NAME

create_viterbi27, init_viterbi27, update_viterbi27, chainback_viterbi27, delete_viterbi27, create_viterbi29, init_viterbi29, update_viterbi29, chainback_viterbi29, delete_viterbi29 - IA32 SIMD-assisted Viterbi decoders

SYNOPSIS

#include "viterbi27.h"
void *create_viterbi27(int blocklen);
int init_viterbi27(void *vp,int starting_state);
int update_viterbi27(void *vp,unsigned char sym1,unsigned char sym2);
int chainback_viterbi27(void *vp, unsigned char *data,unsigned int nbits,unsigned int endstate);
void delete_viterbi27(void *vp);
void emms_viterbi27(void);
extern char id_viterbi27[];

#include "viterbi29.h"
void *create_viterbi29(int blocklen);
int init_viterbi29(void *vp,int starting_state);
int update_viterbi29(void *vp,unsigned char sym1,unsigned char sym2);
int chainback_viterbi29(void *vp, unsigned char *data,unsigned int nbits,unsigned int endstate);
void delete_viterbi29(void *vp);
void emms_viterbi29(void);
extern char id_viterbi29[];

DESCRIPTION

These functions implement high performance Viterbi decoders for two convolutional codes: a rate 1/2 constraint length 7 (k=7) code ("viterbi27") and a rate 1/2 k=9 code ("viterbi29"). The decoders use the Intel IA32 SIMD instruction sets, if available, to improve performance.

There are three different IA32 SIMD instruction sets. The most common is MMX, first implemented on later Intel Pentiums and then on the Intel Pentium II and most Intel clones (AMD K6, Transmeta Crusoe, etc). SSE was introduced on the Pentium III and later implemented in the AMD Athlon 4 (AMD calls it "3D Now! Professional"). Most recently, SSE2 was introduced in the Intel Pentium 4. As of late 2001, there are no other known implementations of SSE2.

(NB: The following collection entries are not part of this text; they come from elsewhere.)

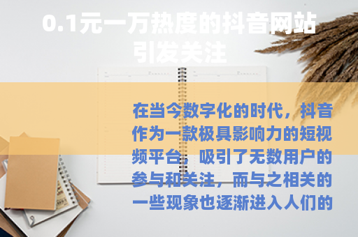 在当今数字化的时代,抖音作为一款极具影响力的短视频平台,吸引了无数用户的参与和关注,而与之相关的一些现象也逐渐进入人们的视野,其中就包括声称0.1元一万热度的抖音网站。
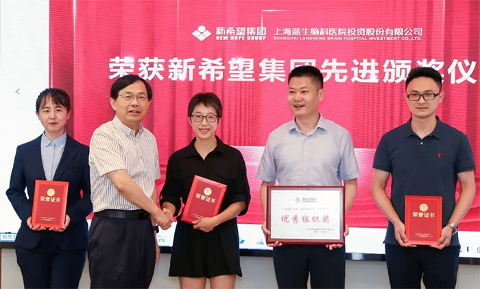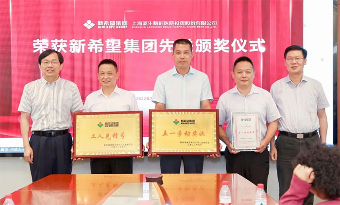 大会对受到新希望集团和蓝生脑科公司表彰的先进集体和优秀个人举行颁奖仪式。刘轶永总经理宣读新希望集团党委、工会、团委表彰通报和公司优秀护士表彰通报。对在临床医技、疫情防控、行政后勤等各项工作中,充分发扬党组织战斗堡垒作用和党、团员先锋模范作用的先进典型进行表彰。蓝生脑科公司卓立强董事长、陈树林书记、叶文琴副总裁为受表彰的先进集体和优秀个人颁奖。
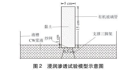 浸潤滲透試驗模型如圖2所示,主要由液槽、支撐三腳架和透明有機玻璃管組成。有機玻璃管直徑5cm,高15cm,頂端敞開,底部封閉鉆有直徑0.5cm的進漿孔。試驗時將黏土裝入有機玻璃管中,振搗壓實,底部開孔處墊有紗網,防止土體掉落。將有機玻璃管和支撐三腳架放入漿液槽內,有機玻璃管底部浸入漿液液面以下1.0cm,使漿液從底部滲入黏土中,通過觀察漿液在不同時間的滲透高度來評價漿液的浸潤滲透效果。
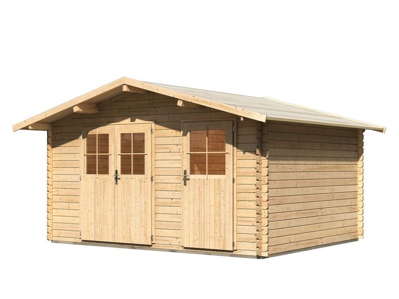 Dřevěný zahradní domek s kvalitnější silnější stěnou. Tento model má sedlovou střechu a dvoukřídlé dveře na pantech s oknem v každém křídle. Stavebním materiálem domku jsou dřevěné profily tl. 28 mm perfektně vyfrézované ze severského smrku.
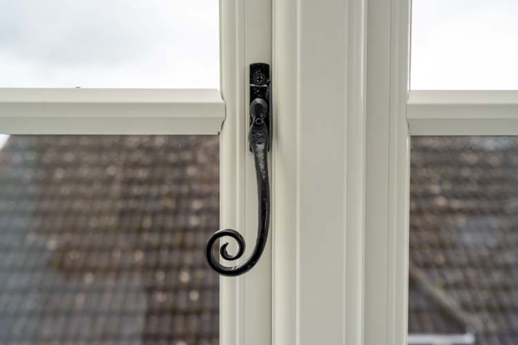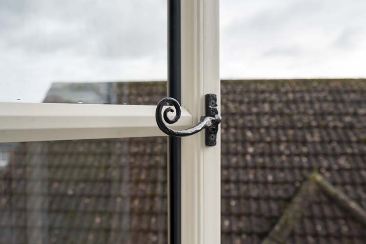 To complement the home’s period architecture, the homeowners selected black wrought iron monkey tail handles for the windows, adding a period touch that enhances the traditional aesthetic.
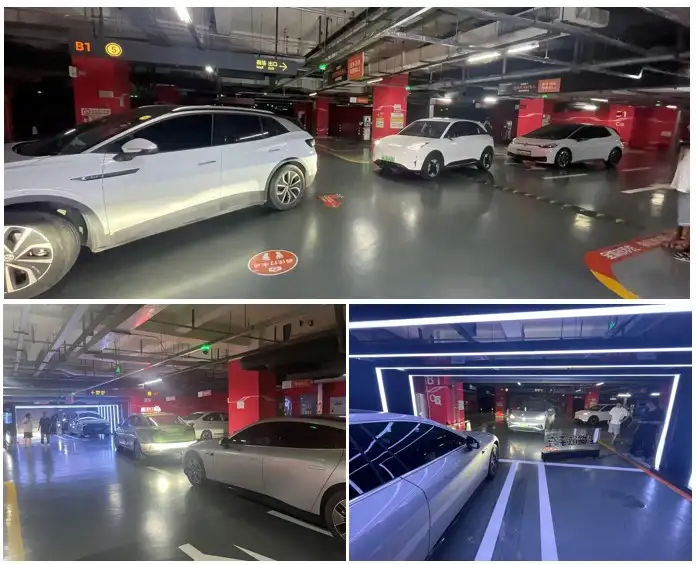 夜晚的停车场内,一台自动充电机器人缓缓启动,精准对位新能源车辆的充电口,为车主完成完整的补能服务。

Four separate static libraries implement the decoders for the four different instruction sets. -lviterbi_port uses no SIMD instructions; it is intended for pre-MMX IA32 machines and for non-IA32 machines. -lviterbi_mmx is for IA-32 machines that support the MMX instructions; -lviterbi_sse is for machines with the SSE instructions, and -lviterbi_sse2 is for machines with SSE2 support. The function names and calling conventions are the same for all four versions, although the size of certain internal data structures are different.

A shared library, -lviterbi is also provided; it is assumed to refer to the correct version for the current machine.

USAGE

Two versions of each function are provided, one for the k=7 code and another for the k=9 code. In the following discussion the k=7 code will be assumed. To use the k=9 code, simply change all references to "viterbi27" to "viterbi29".

Before Viterbi decoding can begin, an instance must first be created with create_viterbi27(). This function creates and returns a pointer to an internal control structure containing the path metrics and the branch decisions. create_viterbi27() takes one argument that gives the length of the data block in bits. You must not attempt to decode a block longer than the length given to create_viterbi27().

After a decoder instance is created, and before decoding a new frame, init_viterbi27() must be called to reset the decoder state. It accepts the instance pointer returned by create_viterbi27() and the initial starting state of the convolutional encoder (usually 0). If the initial starting state is unknown or incorrect, the decoder will still function but the decoded data may be incorrect at the start of the block.

Each pair of received symbols is processed with a call to update_viterbi27(). Each symbol is expected to range from 0 through 15, with 0 corresponding to a "strong 0" and 15 corresponding to a "strong 1". The caller is responsible for determining the proper pairing of input symbols (commonly known as decoder symbol phasing).

At the end of the block, the data is recovered with a call to chainback_viterbi27(). The arguments are the pointer to the decoder instance, a pointer to a user-supplied buffer into which the decoded data is to be written, the number of data bits (not bytes) that are to be decoded, and the terminal state of the convolutional encoder at the end of the frame (usually 0). If the terminal state is incorrect or unknown, the decoded data bits at the end of the frame may be unreliable. The decoded data is written in big-endian order, i.e., the first bit in the frame is written into the high order bit of the first byte in the buffer. If the frame is not an integral number of bytes long, the low order bits of the last byte in the frame will be unused.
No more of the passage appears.